I've Got a Feeling

I've Got a Feeling

Don't fall for it!

Everybody's doing the island wave

Molly Wizenberg's avatar
Molly Wizenberg
Feb 23, 2025
∙ Paid

But at no point did I think of myself as having an agenda that could be called political. Rather, my agenda, to the extent that it can even be called that, has always been to speak as honestly as possible to my own experience of negotiating and navigating a life as myself, as a self — multifarious, restless, necessarily ever changing as the many factors of merely being also change — in a world of selves.

— Carl Phillips, “Politics,” from My Trade is Mystery

Hi —

First, there are still spots available in an online writing workshop I’m teaching next month. It runs from March 4 to 21 and meets on Tuesday and Friday mornings, 9:30-11:30 Pacific. Please note that my remaining classes in 2025 are either in-person or open only to existing students, so this is the last online chance for a little while…
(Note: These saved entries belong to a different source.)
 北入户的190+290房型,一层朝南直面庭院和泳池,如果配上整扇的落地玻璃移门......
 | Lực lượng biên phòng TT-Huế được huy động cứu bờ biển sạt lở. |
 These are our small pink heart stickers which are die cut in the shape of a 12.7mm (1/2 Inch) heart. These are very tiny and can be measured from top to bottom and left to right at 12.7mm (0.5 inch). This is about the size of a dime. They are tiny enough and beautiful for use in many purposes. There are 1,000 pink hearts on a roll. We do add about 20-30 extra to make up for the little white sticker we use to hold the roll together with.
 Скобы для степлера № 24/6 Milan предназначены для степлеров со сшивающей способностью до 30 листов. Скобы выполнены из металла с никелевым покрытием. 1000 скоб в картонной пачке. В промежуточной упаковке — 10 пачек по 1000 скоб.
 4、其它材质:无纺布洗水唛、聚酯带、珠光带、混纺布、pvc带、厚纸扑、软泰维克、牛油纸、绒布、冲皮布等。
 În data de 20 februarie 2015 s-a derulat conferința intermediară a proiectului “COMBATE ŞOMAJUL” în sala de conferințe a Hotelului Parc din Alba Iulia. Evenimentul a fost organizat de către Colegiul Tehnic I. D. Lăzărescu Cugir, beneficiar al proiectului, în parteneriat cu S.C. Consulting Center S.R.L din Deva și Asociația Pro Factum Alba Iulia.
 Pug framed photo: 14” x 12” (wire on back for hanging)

Speaking of in-person workshops, I’ll be teaching at Asilomar, near Monterey, from October 27 to 31. I believe this will somehow be my first(?!) time teaching in California, a state I love and, as a teenager in Oklahoma, used to fantasize about fleeing to. No complaints about my now-home state of Washington, but California — see you in October.

Third, the wise and generous Nadine Kenney Johnstone invited me to join her on her podcast Heart of the Story, and I loved our wide-ranging conversation. Thank you, Nadine.
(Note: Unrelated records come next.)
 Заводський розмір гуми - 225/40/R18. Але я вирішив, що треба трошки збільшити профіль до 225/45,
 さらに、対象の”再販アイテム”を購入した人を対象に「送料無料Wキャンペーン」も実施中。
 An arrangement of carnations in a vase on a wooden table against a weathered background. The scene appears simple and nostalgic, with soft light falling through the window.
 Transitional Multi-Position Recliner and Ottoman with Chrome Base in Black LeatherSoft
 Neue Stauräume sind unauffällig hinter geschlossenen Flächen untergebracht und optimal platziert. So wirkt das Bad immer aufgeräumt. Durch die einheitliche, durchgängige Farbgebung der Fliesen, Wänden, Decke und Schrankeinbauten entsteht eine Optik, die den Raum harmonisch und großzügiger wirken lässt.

I’ve arrived at my desk today with a strange feeling in the vicinity of my stomach. It may be that my breakfast was not sufficient padding for my multivitamin — instead of my usual two slices of toast with peanut butter, there was was only a sad and skinny little butt of bread. But I think instead it’s a sort of visceral burbling-up of the past month.

I’ve been thinking a lot about The Book of Laughter and Forgetting, by the Czech novelist Milan Kundera. I should qualify this by saying that I’ve only read it once, and I was sixteen, maybe fifteen. I read it at the recommendation of a former-teacher-turned-friend who told me it was her favorite book. I am not sure what she was thinking, suggesting that I, at age young-and-dumb, read The Book of Laughter and Forgetting. I choose to take it as a compliment: she must have thought I could manage it? I sure tried. I pored over every word. I decided I liked it, though I didn’t understand most of it. It had a lot of sex, and because I’d just taken Twentieth-Century History, I was fascinated by the story’s political landscape: the aftermath of Stalin’s purges, the way totalitarian regimes wield power by manipulating history and erasing inconvenient facts. Here is the first page:

Reading those paragraphs, I remember feeling like I do when I read sci-fi or watch a horror movie. That anecdote, though drawn straight from Czech history, was so bizarre, so inconceivable, so antithetical to everything I understood as an American teenager in the 1990s, I experienced it as pure fiction. I remember those paragraphs for the delicious, ominous, almost sexy chill they gave me, the thrill of a terrifying story that can’t hurt you. A government executed a public figure and then airbrushed him out of a prominent photograph, like he’d never existed! As if nobody would remember! WTAF, TELL ME MORE!

Image source: https://onthisdateinphotography.com/2017/03/31/march-31/

I hadn’t thought about The Book of Laughter and Forgetting in decades, but that opening page came rushing to mind this week, when news broke that the ‘T’ and ‘Q’ from ‘LGBTQ’ have been deleted from the page for the Stonewall National Monument on the National Parks Service website. It wasn’t that this was so surprising; trans and non-genderconforming people were officially erased from existence a month ago, when the Trump administration announced that the United States only recognizes two sexes, male and female. But this new redaction, the way the letters on that website were straight-up disappeared — it made something newly clear, legible because of its obfuscation, the way in cartoons a puff of smoke marks someone’s sudden vanishing.